Dr. Andrew Murrison (Westbury): There is a sense that, in their haste to clean up our national game, the Government are using a large sledgehammer in sections 14B and 21A and 21B. Recent tragic events, the human rights issues that surround them and our response perhaps put the Government's perfectly understandable desire to control football violence in some sort of context. I believe that the hon. Member for Southwark, North and Bermondsey (Simon Hughes) hinted at that, and we will debate it on Monday. Proportionality is the key and I am not convinced that the balance has been correctly struck. The Law Society appears to agree, in particular about the standard of proof.
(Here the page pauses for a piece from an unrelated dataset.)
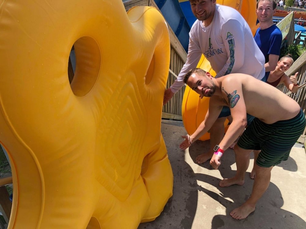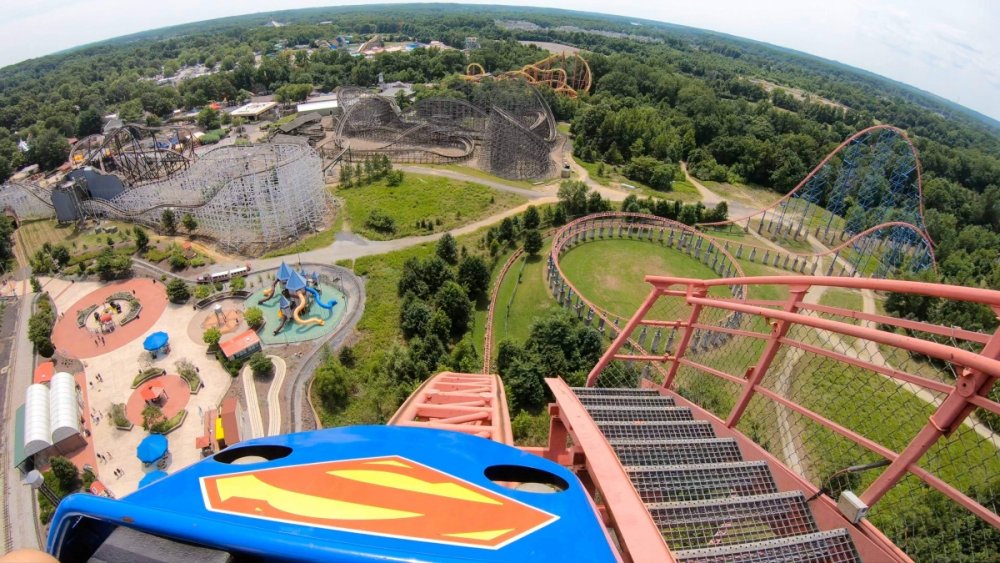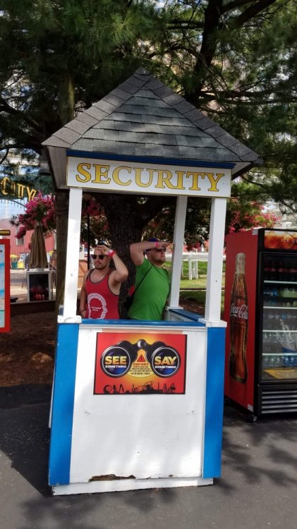 Day 7 - Six Flags America Guys I was looking forward to SFA. I'm not joking you. It was a quick visit and I had a plan - ride Wild One, Superman, and check out the weird slides in the water park on a beautiful summer day. Is that the sound of booing because I'm skipping more credits? I have my own priorities. The ex-Tony Hawk themed old school Half Pipe, tube-speed slides without tubes, terrain/woodsy body slides, drop pods, and brand new extreme lazy river seemed much more exciting than a SLC, old GCI, Vekoma Flyer, etc. Plus, all of the slides were included on the Flash Pass! Score! All I need is a couple hours! That plan sounded alluring to Michael, Andy, Allison, and Chase so we all planned to hit up the waterpark after the coasters. First impressions of the park were surprisingly great! We got our Flash Passes, headed over to Superman, and were even given a short cut tip by one of the locals that overheard our conversation. Whaaaaaat is happening? Drake and J Cole was playing through out the park on our walk over. Okay, this is cool. We made a stop at Joker, which was fun! I had been on the indoor and outdoor version of this coaster before so it was nothing new to me. My last name is Boothe. I'm a security booth. Get it? On over to Superman there were 2 trains running and the op was busting his ass. I am pretty sure there were only 2 ops running the ride and they were doing their best. So let's pause for a second. So far: *The GP are friendly *The ops are doing their best *Solid music playing throughout the park Good things happening and I haven't even stepped into this waterpark yet, this is excellent. The Superman op desperately needs a microphone. Six Flags if you're reading this please help the guy out. He had to shout to the whole station his spiel and that's not good for the guests or for the guy's voice. He was being as nice and polite as he could despite the situation. Superman was great! I only rode in the front seat and I thought it maintained its speed well and was more fun than a B&M hyper coaster. Yeah, even with the straight bits and helices. There's just something about those Intamin trains that elevates the ride experience for me. I'm probably in the minority here since the side bars don't effect me so I didn't notice the difference between the regular T bar and the Six Flags T bar. The first drop was great, there was airtime on the second half, and it is smooth.* I didn't ride in the back, where reports were different. Before! After! Come on guys, stick to the front seat Beautiful shot from Robb's video. On over to Wild One I was really starting to think that this park had turned a corner until I stopped to get some water. Oh man, the drinking fountain water was foul. And this was reported in more than one location.Guess I'll stick with Powerade. At this time it was also being reported that the food service was probably the worst experience you could ever encounter, so I planned on having my delicious TPR snacky snacks for lunch when we got back on the bus. Wild One wasn't that bad. It had some funky airtime and didn't kill me, but I had higher expectations since this ride is apparently pretty great when it's running well. The trains were interesting and seemed to have extra cushion in them but it didn't make much of a difference. That was that last ride to check off on the dry side of the park for me, but I stuck with the group for a lap on Ragin' Cajun before we headed to the water park. We're a wild group acting wild on Wild One! Note to self, take more pictures of Chase and Michael next trip "If I don't make it back take care of my camera.." The weird lap bar of the car almost smashed our heads as it came down as we were trying to get in and got stuck in a half open position so they had to bring out this portable car battery to re-open the restraint. I didn't remember that ever happening at SF Great America, haha. Of course we got out brains melted by this spinning mouse. Waterpark time! And this is the part where my Six Flags day started to lose Flags. The main bathroom/changing room was disgusting and it was hard to get privacy to change. I only had to be in there for a minute but even that was too long. I already had my suit on, so I didn't need to change. The changing booths were barely covered up by a shower curtain and most were barely hanging on by 1 or 2 rungs. It probably made it very difficult to change. The locker situation was easy and we were able to put our stuff away quickly and cost effectively before we were ready to slip and slide. Let's put our Flash Pass to use. Oh wait. The kiosk to queue up a slide isn't working. Hmm let's find another one. Oh, this one isn't working either. No help from any type of employee on finding a working kiosk so I guess we'll just have to wait in the regular line. None of the lines looked bad so maybe we won't get on all the slides but it's fine. The new Wahoo River was nothing like they depicted in the announcement: Well, the important thing is that it was clean and refreshing. Maybe they'll add the details later but outside of a few little water buckets and one part with a very tame increase to the flow of the lazy river it was as stripped down and as bland as you can get. The only thing in this attraction that got my heart pounding was when a child near us decided to play opossum and go face down in his inner tube. It's okay, even though he scared the shit out of me and his sister, he was "just playing dead". Hilarious, kid. The drop pods were a walk on and holy crap were these too intense to enjoy. They were not the straight down shot, they were like a corkscrew that tossed you from side to side while scraping your back. I'm pretty sure Allison will never try another because of these Damnit SFA! This day got off to such a great start! We looked on the other side of the waterpark for a working kiosk for Flash Pass because the slide lines were building with no luck, so we enjoyed the wave pool for a bit before ch

We must divorce the argument from notions of national pride and the disgust that we feel at the actions of a small number of our countrymen abroad. We should not be in the business of curtailing traditional liberties to repair our national image or pander to the threats of other bodies, national and international, many of which are also burdened with a violent and distasteful minority. In that respect, the hon. Member for Telford (David Wright) was wrong. To attempt to do so would be a gross presumption on the part of an authoritarian Government. Paradoxically, it would diminish one of the most attractive features of this country in the eyes of others—the freedom that we enjoy and the presumption of innocence.

This Bill is a sticking plaster designed to remedy a small but significant lesion. We do not know, but we surmise, that it will help. Whether or not it does, it has huge implications for the traditional liberties that we enjoy and for which this House stands as guarantor.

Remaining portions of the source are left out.